Re: GRUDNIOWE MAMUSIE 2010 CZ. 38
my właśnie wróciłyśmy ze spaceru - Łucję ubrałam w rajstopki i spodnie od kombinezonu, u góry miała body, bluzeczkę i bluzę- takąlekko ocieploną- ale ceniutką, czapkę i komin- zamiast szalika -...
rozwiń
my właśnie wróciłyśmy ze spaceru - Łucję ubrałam w rajstopki i spodnie od kombinezonu, u góry miała body, bluzeczkę i bluzę- takąlekko ocieploną- ale ceniutką, czapkę i komin- zamiast szalika - miała cieplutkie rączki - bez rękawiczek bo nie wygodnie było jej nabierać śnieg.
dagmarka- mój przepis na tiramisu - to najzwyklejszy przepis, bo z serka mascarpone Piątnica- od spodu wieczka ale troszkę pode mnie robię:
czyli:
*1 szklanka śmietany kremówki - ja uzywam tylko tej żółtej ''tortowej'' z Łowicza.
*500 g serka mascarpone (kupuje Piątnicę jesli nie ma tego dla Auchan - ale nawet z zwykłego twarogu takiego na sernik już mielnego robiłam i też było dobre).
1/2 szklanki cukru pudru
1 ''śmietan-fix'' Dr.Oetker - taki na 02-0,25 l śmietanki
Śmietanę ubijam, pod koniec dodaje ckier puder i dalej ubijam, a na sam koniec fix i jeszcze chwileczkę by się połączyło wszystko.
Dodaje po trochu (czyli po 1/2 opakowania serka) i miksuje cały czas aż cały ser wmiksuje.
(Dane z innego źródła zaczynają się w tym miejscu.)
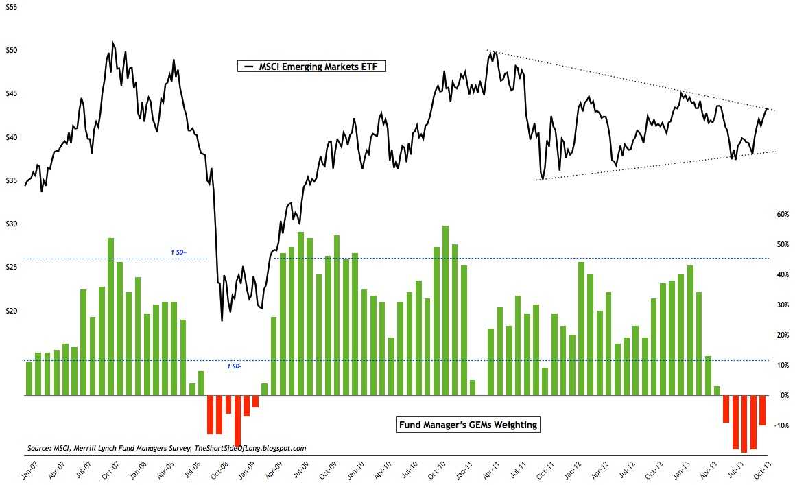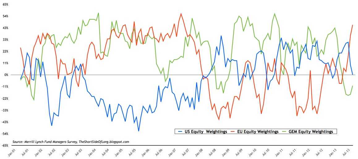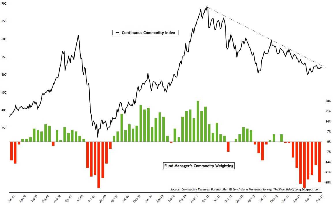 基金经理们依旧严重看空大宗商品,低配比例今年6月份曾达到32%的纪录高位,目前仍高达28%(为美林调查史上第四高水平)。

Wstawiam do lodówki by wszystko stężało, a w między czasie zajmję się biszkoptem:
Kroje na 3 części.
1.Pierwszy biszkopt kładę na paterze, nasączam espresso (robię z ekspresu i dodaję 1,5 łyżeczki cukru i trochę alkoholu- tak 2 łyżeczki), nie nasączam zbyt mocno bo wtedy wyjdzie zupa, ale raz przy razie.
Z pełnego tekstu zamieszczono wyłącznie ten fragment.